> _SUPPLIED INFORMATION_:
=== Begin Enclosure ===
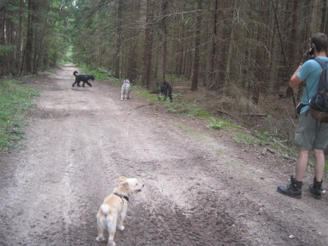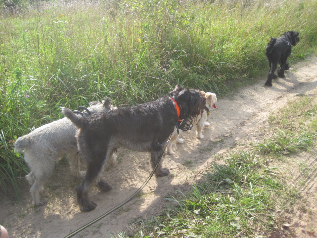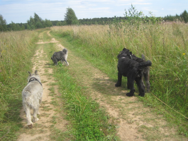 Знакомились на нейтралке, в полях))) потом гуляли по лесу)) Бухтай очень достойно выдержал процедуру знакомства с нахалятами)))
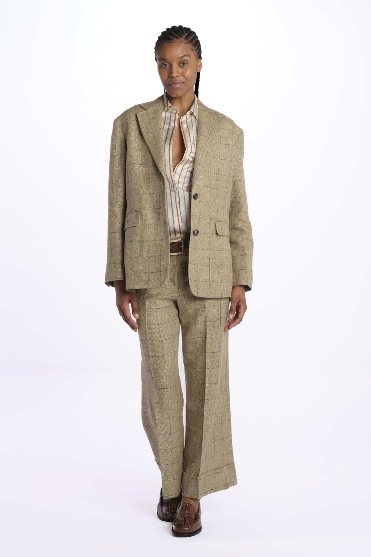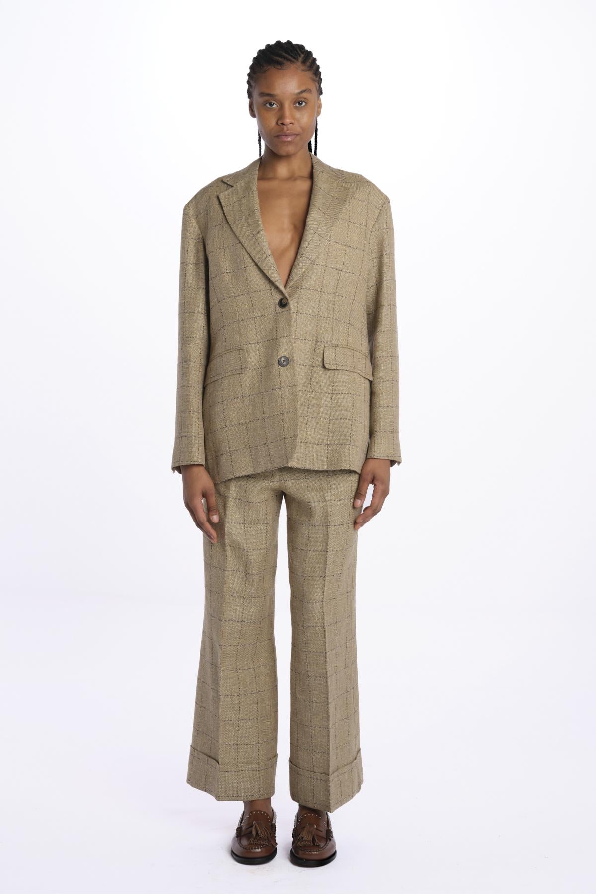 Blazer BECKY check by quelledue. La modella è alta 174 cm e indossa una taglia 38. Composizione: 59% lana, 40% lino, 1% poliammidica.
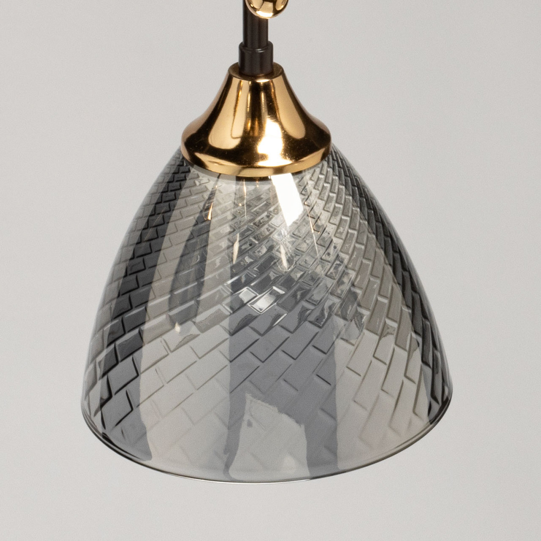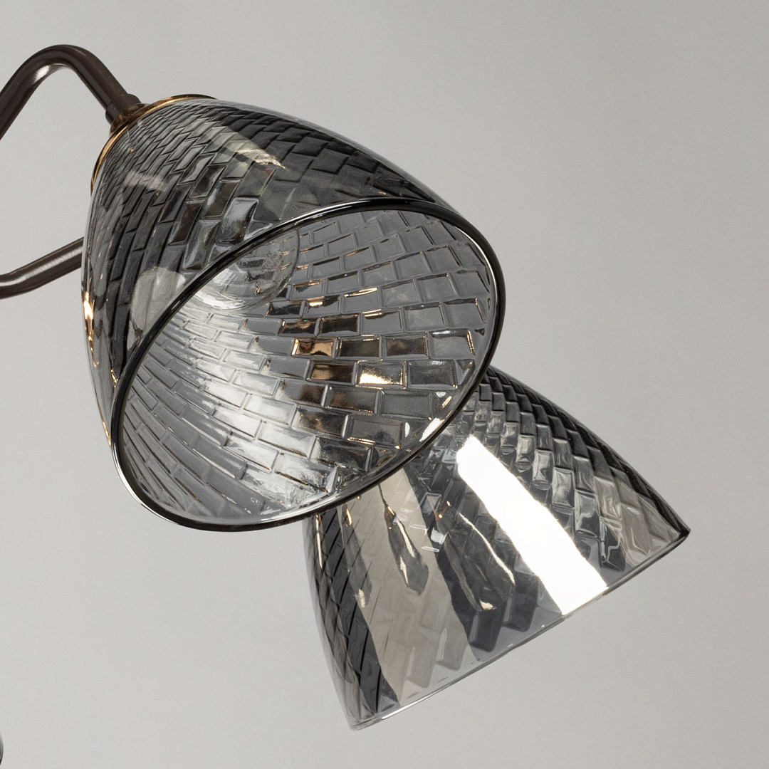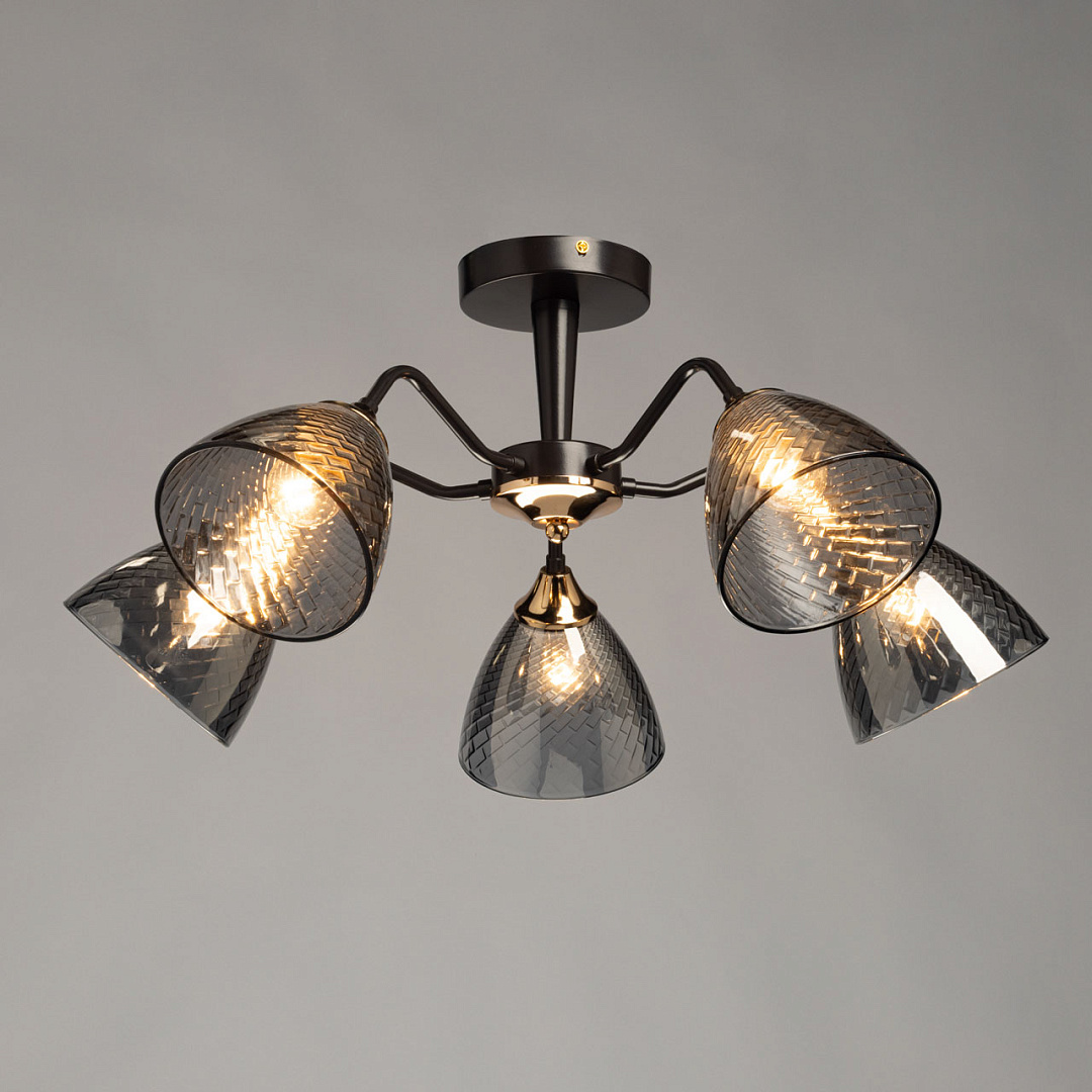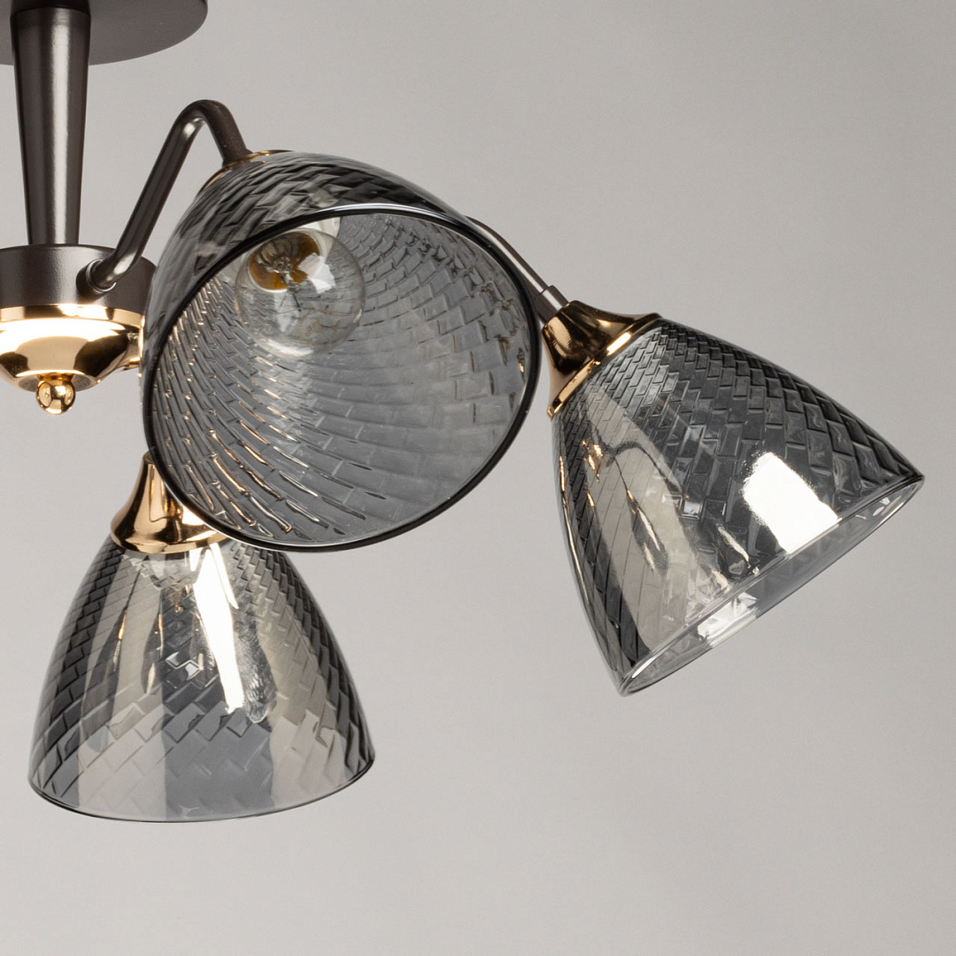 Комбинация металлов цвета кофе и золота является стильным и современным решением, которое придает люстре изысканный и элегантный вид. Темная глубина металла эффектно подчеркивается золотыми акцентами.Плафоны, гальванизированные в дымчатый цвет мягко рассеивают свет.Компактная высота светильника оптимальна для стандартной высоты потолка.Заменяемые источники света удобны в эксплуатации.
=== End Enclosure ===
> _EXERCISE DIRECTIONS_:
Your copy should hold each line above exactly and no pictures at all.

> _FINISHED EXERCISE_:
 Знакомились на нейтралке, в полях))) потом гуляли по лесу)) Бухтай очень достойно выдержал процедуру знакомства с нахалятами)))
 Blazer BECKY check by quelledue. La modella è alta 174 cm e indossa una taglia 38. Composizione: 59% lana, 40% lino, 1% poliammidica.
 Комбинация металлов цвета кофе и золота является стильным и современным решением, которое придает люстре изысканный и элегантный вид. Темная глубина металла эффектно подчеркивается золотыми акцентами.Плафоны, гальванизированные в дымчатый цвет мягко рассеивают свет.Компактная высота светильника оптимальна для стандартной высоты потолка.Заменяемые источники света удобны в эксплуатации.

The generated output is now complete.